Na manhã seguinte, a porta do meu quarto foi arrombada pela polícia, que me prendeu, acusando-me do homicidio de sete pessoas. -Sete pessoas? Eu nunca matei ninguém. – Barafustei, cheio de confiança. É obvio que os polícias me fixaram com bastante incredulidade. Um deles mostrou-me a chave de grifes que eu conservava debaixo da cama, e que ainda estava suja com sangue. As duas 6/35, também me foram apreendidas, pois permaneciam sob o meu travesseiro, que até deitava um odor a pólvora desconcertante. E, indiscutivelmente, o sangue das vitimas que se conservava nas minhas mãos e nas minhas roupas.

Aleguei que tinha as provas tinham sido forjadas. Descrevi-lhes o individuo que me visitava todas as noites, e que era concerteza o autor daqueles tenebrosos crimes. O comandante, demonstrando grande lucidez, pegou no que me pareceu, um processo policial, e dele libertou uma fotografia.

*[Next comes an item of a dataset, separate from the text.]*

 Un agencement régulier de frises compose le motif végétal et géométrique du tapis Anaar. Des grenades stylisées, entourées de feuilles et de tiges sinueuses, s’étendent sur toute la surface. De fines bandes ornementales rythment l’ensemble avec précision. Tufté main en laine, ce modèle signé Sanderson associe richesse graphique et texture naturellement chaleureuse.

- É este o individuo que o visita? – Inquiriu ele, exibindo o retrato na direcção dos meus olhos.

-Sim. É este mesmo! – Clamei eu, com um fluxo ávido de alívio, que me ventilou o cérebro que estava quase a rebentar de tanta inquietação.

-Então o senhor confessa ser o autor de todos estes crimes, não é verdade? – Afirmou ele, com grande naturalidade.

-Porquê que havia de confessar? – Inquiri eu, repleto de incredulidade.

Foi quando o Comissário segurou um espelho em frente da minha face, obrigando-me a encarar com o horror a minha outra face demoníaca.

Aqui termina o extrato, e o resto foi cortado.